The health care summit has now been underway for almost 3 hours. President Obama established in his opening statement what he hoped would come of the summit, which was to reach agreement on areas of commonality in the need for health care reform. The President, as well as a number of the Democratic speakers, has stressed these commonalities. The message is, of course, we both have the same goals and our bill meets these goals, so what is the problem?

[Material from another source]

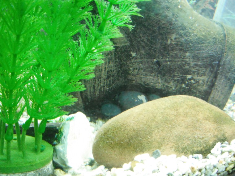 Once the eggs started to hatch, the hatchlings were moved into a shallow burrow that the parents had dug in the substrate behind the rock. There, they wiggled and grew for around two days. Then, the parents moved the wriggly babies onto the inside wall of the pipe statue, where they were guarded by the parents (who had to keep moving the babies back inside the pipe when they wriggled too close to the edge). It was very cute to watch!

The Republicans are having none of it. They showed up to reject the Democratic bill and present their own alternatives. They came heavily armed with facts and figures (some of them plausible, some not), and are in a constant attack mode. By and large this attack has to do with substance, although in some instances, notably John McCain’s speech, it is an attack on process as well. They see the bill as a Washington takeover of the health care system, and they are vehemently opposed.
The Democrats are by and large not engaging these attacks. Rather they are telling stories about how their constituents are suffering under the current health care system, and, like the President, stressing how their legislation embraces Republican ideas. It is a pity that they are not more aggressively engaging the Republican claims, because they could convincingly do so.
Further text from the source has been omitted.